Below him, Devasena continued moving through the garden, unaware that the air around her had changed meaning.
"chhidte hain, bajte hain... taar jo mann ke khanke jhanke hain..."
(Meaning: The strings of the heart begin to strike and resonate...)
At that line, something subtle shifted in her movement.
Her steps slowed—not stopping, not breaking—but losing certainty, as though the rhythm she had been following had suddenly begun following her instead.
Her hand hovered near her chest for a brief moment, fingertips grazing fabric lightly, as if trying to locate the source of a feeling she could not name.
Her voice softened further.
Almost intimate now.
"kuch toh huaa aa..."
(Meaning: Something has happened...)
The sound lingered longer than the words deserved.
And the night answered by becoming even quieter.
From above, Krishna did not move. But something in his expression changed—not visibly dramatic, not something that could be named easily—but a quiet tightening beneath calmness, as if the words had landed somewhere they were not meant to reach.
Below, Devasena exhaled, and the breath came out uneven, almost like laughter that forgot how to become sound.
She continued.
"dhoop se chhan ke... dhuaan mann huaa aa..."

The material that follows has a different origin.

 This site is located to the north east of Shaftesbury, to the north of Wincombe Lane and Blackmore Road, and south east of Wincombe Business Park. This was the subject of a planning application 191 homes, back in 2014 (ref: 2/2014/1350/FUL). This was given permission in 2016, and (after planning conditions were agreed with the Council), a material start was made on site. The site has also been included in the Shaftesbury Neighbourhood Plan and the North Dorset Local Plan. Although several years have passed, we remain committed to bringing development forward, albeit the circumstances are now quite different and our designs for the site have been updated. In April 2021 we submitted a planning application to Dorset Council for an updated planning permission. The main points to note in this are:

(Meaning: Sunlight filtering through... the mind turning into drifting smoke...)
The repetition now felt different. No longer just melody—it felt like return. Like something looping back through her without permission, each line brushing against the same place inside her again and again until it became impossible to ignore.
Her fingers curled slightly at her side.
"rom rom naapta hai... ragon mein saanp sa hai..."

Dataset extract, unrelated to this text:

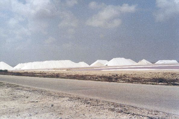 sieht man die Salzberge der ansässigen Salzgewinnung. Im Vordergrund

(Meaning: Every nerve measures itself... as if a serpent moves through the veins...)
That line made her pause completely.
Not because she intended to—but because her body did it before her thoughts could argue. A faint shiver passed through her, sudden and uninvited, as though something unseen had moved beneath her skin and left its echo behind.
And still—
she did not know she was being watched like this.
Not as someone in a garden.
But as something unfolding.
Something dangerous in its softness.
"sar ra ra sarr ra ra ra bhaage bewajah..."
(Meaning: Racing wildly without reason...)
At that, she exhaled again—this time with a faint, helpless smile that appeared without her permission, as if even she was aware something inside her had begun to run without knowing where it was going.
Above her, Krishna's gaze did not leave her for even a fraction of a second.
Yet his stillness was no longer casual.
It had weight now.
Presence.
Like silence that has begun to mean something.
Below—
Devasena's voice softened even further, until it felt less like singing and more like remembering.
"sarke hai, khiske hain... mujhme ye baske daske de gaya..."
(Meaning: It has slipped, it has settled inside me, leaving its mark...)
She stopped walking.
Completely.
The garden around her did not move either, as if it understood that something in her had paused and the world should respect it.
Her hand lifted again to her chest, pressing lightly there—not forcefully, but instinctively, as if confirming something still existed inside her that she could not see.
Her voice, when it came again, was barely more than breath.
"dard be-dawa aa..."
(Meaning: A pain without remedy...)
The words dissolved into the air without resistance.
And what remained after them was not silence—but anticipation.
From above, Krishna finally shifted his hand slightly against the stone railing.
A small movement.
Barely noticeable to anyone else.
But enough to betray something he himself did not fully acknowledge.
Below, Devasena stood beneath the jasmine canopy, moonlight trembling across her still form, as if even light was unsure how to hold her now.
And then—
softly, without sound—
she repeated it inside her breath rather than her voice.
"dhoop se chhan ke... dhuaan mann hua..."
(Meaning: Sunlight filtering through... the mind becoming smoke...)
And somewhere above, in the space where shadow meets observation, Krishna did not move at all—
as if even he had realized the night had begun remembering them differently than it should.